Skip pictures in the listing below; copy exactly the lines from the one with "Entre la tumultosa" through the one with "- Hitrost vretena: 500", inclusive.

Exercise data =>
* * * * * * *

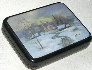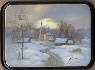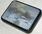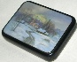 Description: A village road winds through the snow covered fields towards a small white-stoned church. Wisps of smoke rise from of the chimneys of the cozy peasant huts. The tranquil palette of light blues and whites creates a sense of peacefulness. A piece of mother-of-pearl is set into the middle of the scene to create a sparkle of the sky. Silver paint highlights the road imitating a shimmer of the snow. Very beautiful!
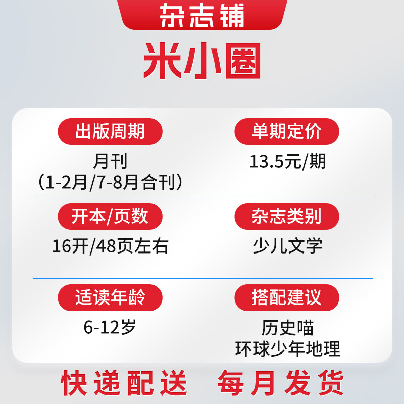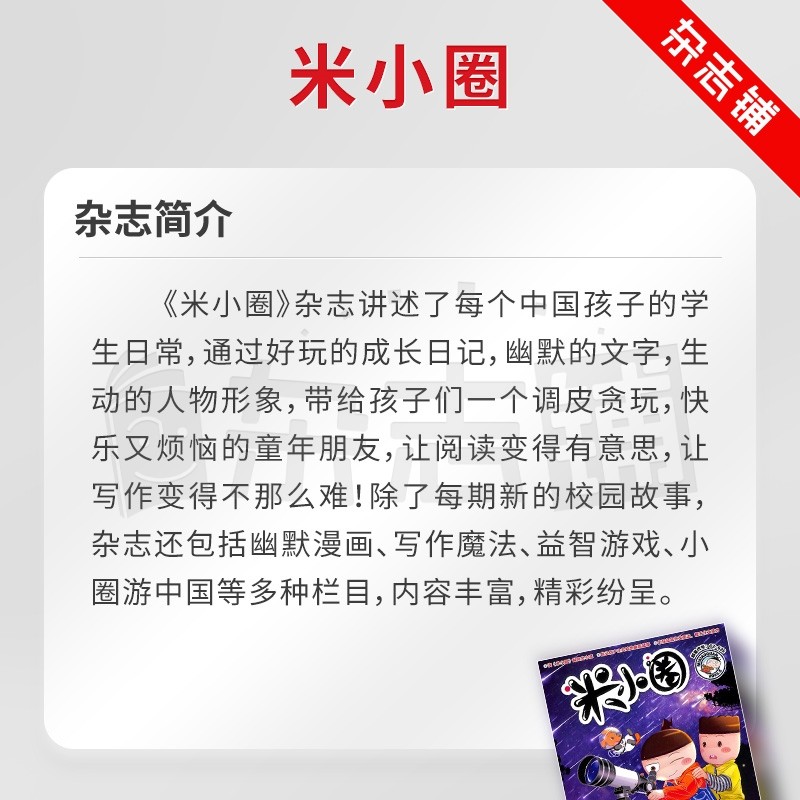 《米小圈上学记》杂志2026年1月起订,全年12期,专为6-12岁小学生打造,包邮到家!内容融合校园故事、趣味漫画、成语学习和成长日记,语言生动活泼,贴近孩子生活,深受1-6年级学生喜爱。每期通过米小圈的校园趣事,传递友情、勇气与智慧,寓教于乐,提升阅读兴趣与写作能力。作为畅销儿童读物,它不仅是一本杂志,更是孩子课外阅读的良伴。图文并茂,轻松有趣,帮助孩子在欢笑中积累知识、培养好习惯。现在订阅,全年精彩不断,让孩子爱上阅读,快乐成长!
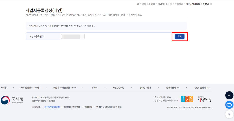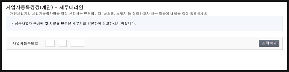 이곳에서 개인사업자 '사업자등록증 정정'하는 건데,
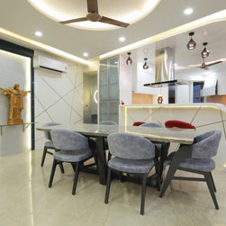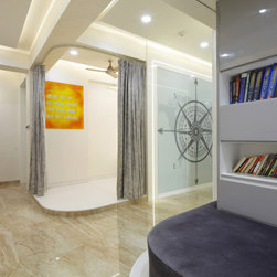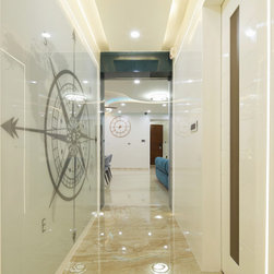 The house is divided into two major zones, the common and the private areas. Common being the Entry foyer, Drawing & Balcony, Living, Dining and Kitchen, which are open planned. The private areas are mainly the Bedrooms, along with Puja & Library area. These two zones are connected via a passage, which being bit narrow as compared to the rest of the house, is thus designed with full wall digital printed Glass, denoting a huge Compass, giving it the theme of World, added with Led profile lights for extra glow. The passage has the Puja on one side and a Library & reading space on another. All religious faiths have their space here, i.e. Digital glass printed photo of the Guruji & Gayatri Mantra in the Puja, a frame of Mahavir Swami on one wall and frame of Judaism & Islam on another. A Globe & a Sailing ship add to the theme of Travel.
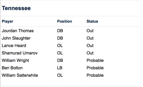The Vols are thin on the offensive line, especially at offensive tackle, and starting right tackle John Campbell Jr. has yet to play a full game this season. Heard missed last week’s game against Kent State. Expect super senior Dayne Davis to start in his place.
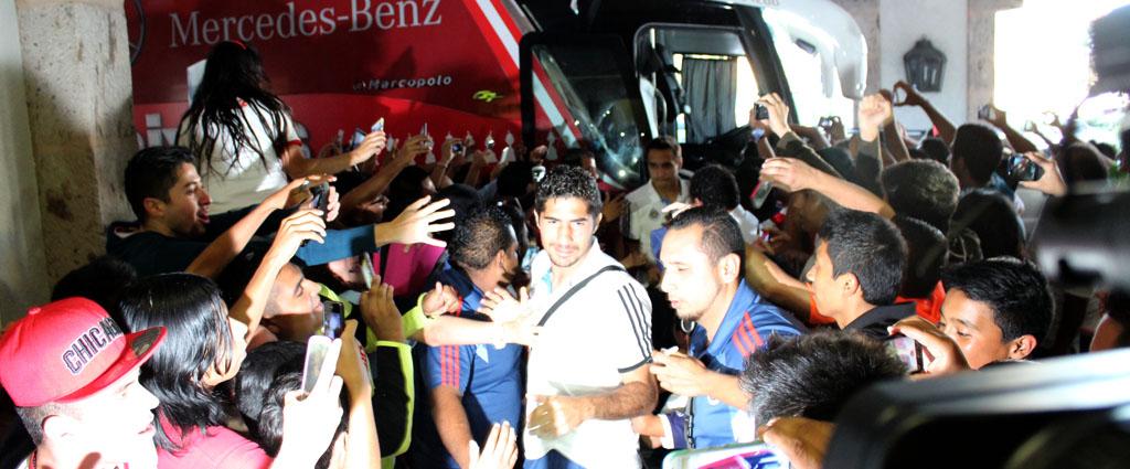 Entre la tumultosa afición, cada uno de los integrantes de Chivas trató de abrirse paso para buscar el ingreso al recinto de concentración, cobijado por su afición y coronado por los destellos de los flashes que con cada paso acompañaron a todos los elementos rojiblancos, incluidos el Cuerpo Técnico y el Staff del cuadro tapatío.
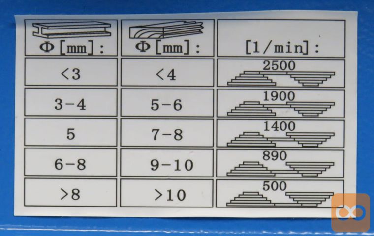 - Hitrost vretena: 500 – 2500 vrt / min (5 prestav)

* * * * * * *

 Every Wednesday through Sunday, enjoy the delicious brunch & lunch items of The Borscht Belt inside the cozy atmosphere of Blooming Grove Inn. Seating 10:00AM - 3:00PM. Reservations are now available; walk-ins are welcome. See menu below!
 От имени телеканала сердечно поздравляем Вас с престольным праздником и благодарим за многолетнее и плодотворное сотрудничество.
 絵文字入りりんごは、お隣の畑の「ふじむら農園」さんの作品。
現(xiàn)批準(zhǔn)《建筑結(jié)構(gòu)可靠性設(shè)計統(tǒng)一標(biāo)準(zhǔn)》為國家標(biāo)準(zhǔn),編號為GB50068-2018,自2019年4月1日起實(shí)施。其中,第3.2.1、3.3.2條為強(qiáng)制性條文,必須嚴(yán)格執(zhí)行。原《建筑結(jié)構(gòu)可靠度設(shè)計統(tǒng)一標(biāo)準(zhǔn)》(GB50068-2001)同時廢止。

* * * * * * *

Solved problem =>
 Entre la tumultosa afición, cada uno de los integrantes de Chivas trató de abrirse paso para buscar el ingreso al recinto de concentración, cobijado por su afición y coronado por los destellos de los flashes que con cada paso acompañaron a todos los elementos rojiblancos, incluidos el Cuerpo Técnico y el Staff del cuadro tapatío.
 - Hitrost vretena: 500 – 2500 vrt / min (5 prestav)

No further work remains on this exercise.